** What you are asked to do **
An exact reproduction is required of the lines from the beginning of the entries through the line with "Goldman Sachs heeft", pictures excluded and nothing added.

** Records from a data collection **
# # # #
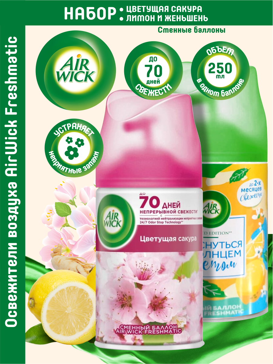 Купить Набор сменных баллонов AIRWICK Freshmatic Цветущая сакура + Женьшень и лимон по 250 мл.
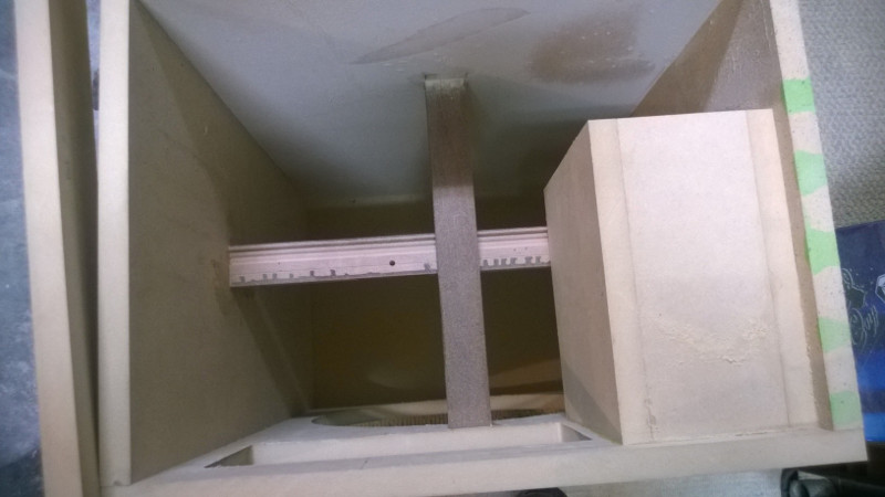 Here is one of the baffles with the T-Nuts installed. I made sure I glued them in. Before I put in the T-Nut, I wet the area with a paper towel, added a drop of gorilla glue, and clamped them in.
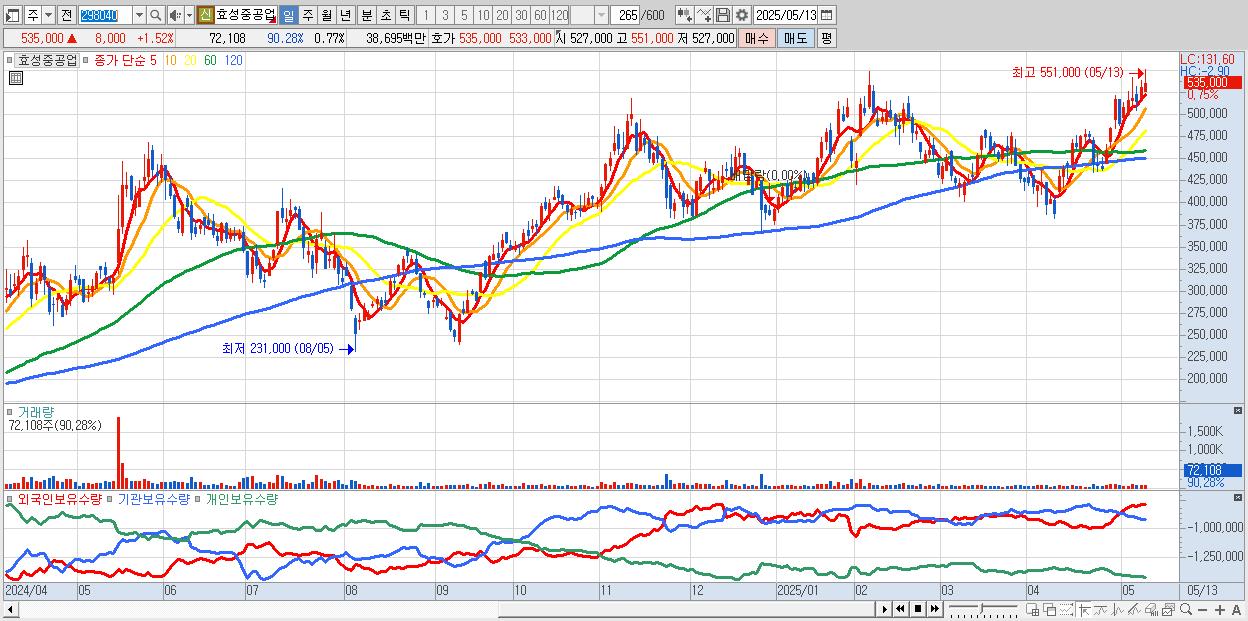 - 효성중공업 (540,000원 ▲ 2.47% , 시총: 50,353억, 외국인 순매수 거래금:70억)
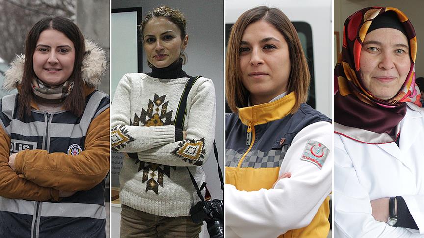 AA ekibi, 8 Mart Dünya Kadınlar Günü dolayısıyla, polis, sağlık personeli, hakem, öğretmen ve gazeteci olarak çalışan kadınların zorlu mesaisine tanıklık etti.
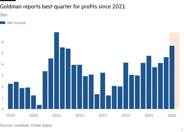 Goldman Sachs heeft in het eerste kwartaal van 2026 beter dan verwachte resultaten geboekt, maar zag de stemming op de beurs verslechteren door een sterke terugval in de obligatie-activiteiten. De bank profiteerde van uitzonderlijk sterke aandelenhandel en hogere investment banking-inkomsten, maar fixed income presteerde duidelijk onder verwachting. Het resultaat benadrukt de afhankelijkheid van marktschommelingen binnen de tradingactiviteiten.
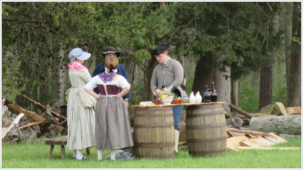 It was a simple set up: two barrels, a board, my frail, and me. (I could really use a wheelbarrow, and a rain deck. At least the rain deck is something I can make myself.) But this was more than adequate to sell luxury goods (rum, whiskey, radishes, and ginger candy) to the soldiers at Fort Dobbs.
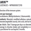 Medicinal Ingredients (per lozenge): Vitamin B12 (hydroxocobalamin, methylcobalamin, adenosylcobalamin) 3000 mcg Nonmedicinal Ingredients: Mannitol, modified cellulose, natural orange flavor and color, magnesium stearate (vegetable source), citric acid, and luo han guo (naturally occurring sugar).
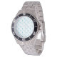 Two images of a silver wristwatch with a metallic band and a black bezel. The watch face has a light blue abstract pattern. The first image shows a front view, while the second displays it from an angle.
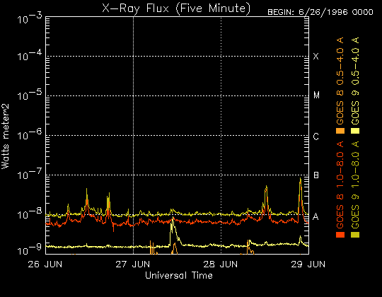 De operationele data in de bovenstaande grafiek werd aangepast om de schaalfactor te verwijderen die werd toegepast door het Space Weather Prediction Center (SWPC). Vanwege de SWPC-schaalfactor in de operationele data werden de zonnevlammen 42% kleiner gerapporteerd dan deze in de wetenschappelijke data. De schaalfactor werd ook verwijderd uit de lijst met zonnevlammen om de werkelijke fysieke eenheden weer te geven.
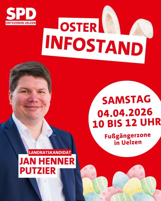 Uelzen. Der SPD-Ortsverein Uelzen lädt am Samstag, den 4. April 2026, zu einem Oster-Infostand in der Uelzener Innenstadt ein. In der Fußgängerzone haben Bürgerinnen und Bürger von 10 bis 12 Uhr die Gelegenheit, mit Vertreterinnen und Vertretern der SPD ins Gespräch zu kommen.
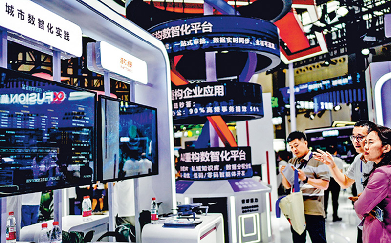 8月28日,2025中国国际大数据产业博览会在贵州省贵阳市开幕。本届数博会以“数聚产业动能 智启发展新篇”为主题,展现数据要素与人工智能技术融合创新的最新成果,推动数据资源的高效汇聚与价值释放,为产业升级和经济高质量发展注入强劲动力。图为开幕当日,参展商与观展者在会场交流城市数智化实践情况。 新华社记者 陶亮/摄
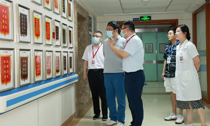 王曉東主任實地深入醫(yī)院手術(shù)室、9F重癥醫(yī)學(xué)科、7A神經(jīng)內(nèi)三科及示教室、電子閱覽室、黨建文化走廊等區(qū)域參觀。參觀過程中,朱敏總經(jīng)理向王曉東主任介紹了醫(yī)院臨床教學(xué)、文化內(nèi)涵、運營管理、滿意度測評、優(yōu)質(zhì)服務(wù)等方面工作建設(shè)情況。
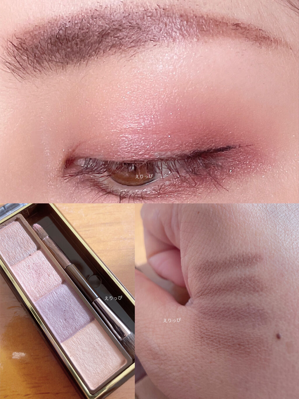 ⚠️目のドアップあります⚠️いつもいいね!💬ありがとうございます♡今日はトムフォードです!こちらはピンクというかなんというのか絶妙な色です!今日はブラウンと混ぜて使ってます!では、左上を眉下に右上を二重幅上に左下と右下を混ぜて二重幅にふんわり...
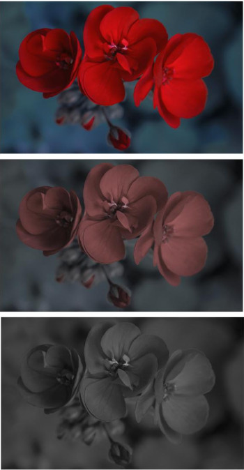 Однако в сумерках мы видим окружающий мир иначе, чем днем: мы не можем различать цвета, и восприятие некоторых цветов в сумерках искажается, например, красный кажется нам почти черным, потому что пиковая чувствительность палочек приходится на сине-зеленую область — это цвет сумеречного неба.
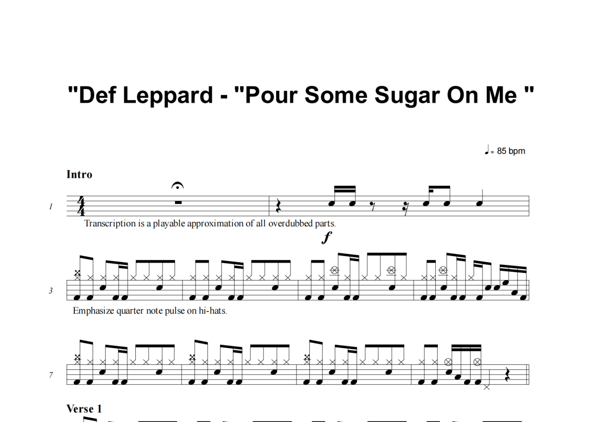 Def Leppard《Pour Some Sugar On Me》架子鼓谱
# # # #
** Task solution **
 Купить Набор сменных баллонов AIRWICK Freshmatic Цветущая сакура + Женьшень и лимон по 250 мл.
 Here is one of the baffles with the T-Nuts installed. I made sure I glued them in. Before I put in the T-Nut, I wet the area with a paper towel, added a drop of gorilla glue, and clamped them in.
 - 효성중공업 (540,000원 ▲ 2.47% , 시총: 50,353억, 외국인 순매수 거래금:70억)
 AA ekibi, 8 Mart Dünya Kadınlar Günü dolayısıyla, polis, sağlık personeli, hakem, öğretmen ve gazeteci olarak çalışan kadınların zorlu mesaisine tanıklık etti.
 Goldman Sachs heeft in het eerste kwartaal van 2026 beter dan verwachte resultaten geboekt, maar zag de stemming op de beurs verslechteren door een sterke terugval in de obligatie-activiteiten. De bank profiteerde van uitzonderlijk sterke aandelenhandel en hogere investment banking-inkomsten, maar fixed income presteerde duidelijk onder verwachting. Het resultaat benadrukt de afhankelijkheid van marktschommelingen binnen de tradingactiviteiten.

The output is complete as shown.